I have also seen people with various "disabilities" give up and decide that they are content to sit around and collect disability. I think it's sad, and I really hope I don't end up there. It REALLY bothers me when I see psychiatrists and therapists and other people who are supposed to be helping actually encourage people to do it. I think that's kind of sick-- if you need disability, you need it, and if you don't then you should leave it for people who do.
Maybe he does need it. I don't know the young man. Maybe he's burned out from trying and failing and trying and failing, and he needs some time to collect himself and figure out who he is and what he's going to do now. I'd find that understandable. It's too bad, but it's understandable. Maybe it would help to talk to him about that.
If that's what he needs to do, he's the only one who can do it. It sounds really trite to use terms like "finding yourself," but I remember a time when I had to do it. I had a baby and quit college, and spent a couple of years just messing with my kid and hanging out with my husband and friends. I ended up deciding that "myself" was a housewife. I had a bunch more kids and I don't get to be lazy any more (! !!) but I do like what I do. Maybe I'm even kind of good at it.
I'll have to start looking for my next self soon. I can't stay home after I send the last kid to school. I'll have too much time on my hands, and brood and go crazy. Is that maybe what you're really worried about your son doing????
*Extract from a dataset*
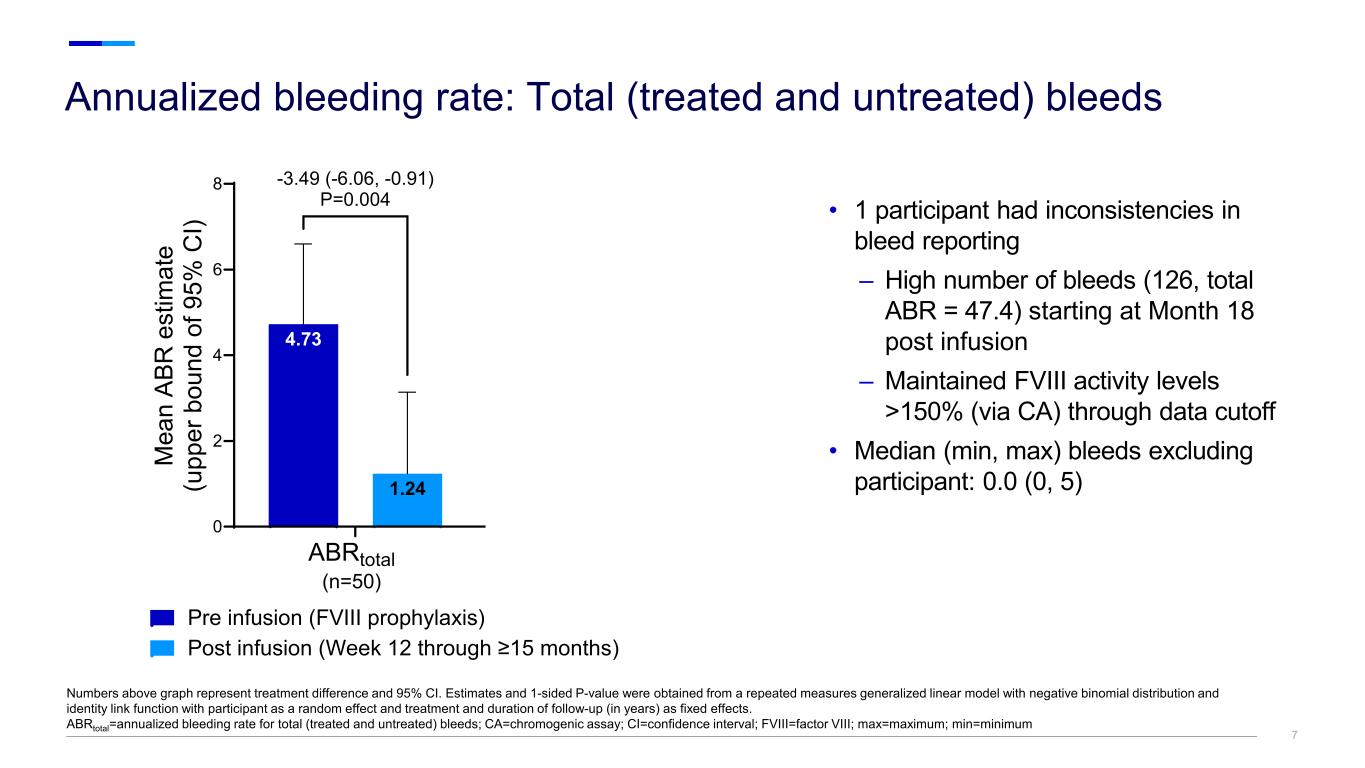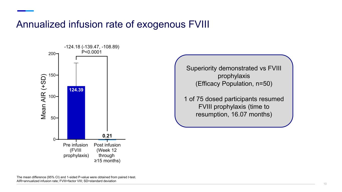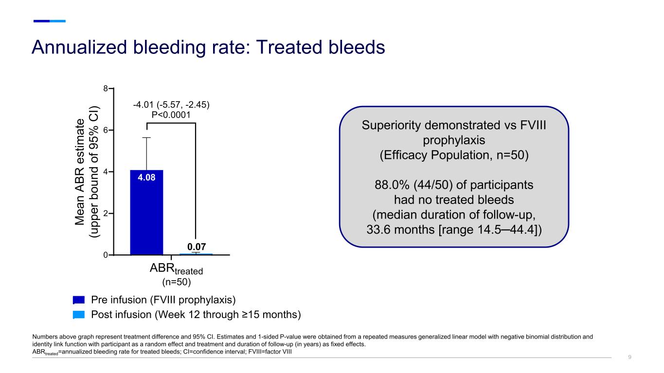 0 2 4 6 8 1.24 4.73 4.65 M ea n AB R e st im at e (u pp er b ou nd o f 9 5% C I) Pre infusion (FVIII prophylaxis) Post infusion (Week 12 through ≥15 months) ABRtotal (n=50) ABRtotal (n=49) -3.49 (-6.06, -0.91) P=0.004 -4.40 (-6.31, -2.48) P<0.0001 0.26 8 Annualized bleeding rate: Total (treated and untreated) bleeds Numbers above graph represent treatment difference and 95% CI. Estimates and 1-sided P-value were obtained from a repeated measures generalized linear model with negative binomial distribution and identity link function with participant as a random effect and treatment and duration of follow-up (in years) as fixed effects. ABRtotal=annualized bleeding rate for total (treated and untreated) bleeds; CI=confidence interval; FVIII=factor VIII Post hoc sensitivity analysis excluding 1 participant (n=49) demonstrated superiority vs FVIII prophylaxis

I won't be surprised if I end up picking some kind of low-stress, low-skill, low-prestige job. Like garbage collector, or survival farmer, or shade-tree carpenter. Consider trying really hard not to be upset if your son goes this way, too. It seems like a lot of Aspies end up being engineers and computer programmers and other assorted geeks, but a lot of us end up as some less-flowery version of hippie free spirits, too.
My dad was a coal miner for thirty years. He never advanced even though he was really smart, but he was happy. I have a cousin who is a shade-tree carpenter, small-scale sawmill operator, and self-reliant survival farmer. He's always broke, but he's never cold or wet or hungry and he's usually happy. I have a friend who flunked out of law school for sticking too tightly to his point of view, washed out of the police force because he couldn't emotionally cope with the corruption and cognitive dissonance, and now changes entry-level jobs very regularly, and at 33 still lives with his parents (though he does contribute to cooking and cleaning and laundry and general expenses, and will probably end up sticking around to help them out in their later years like his aunt did with his grandparents). I guess he's what you'd call a failure-- 33, still a virgin, living at home-- but it might just end up being to the good one of these days.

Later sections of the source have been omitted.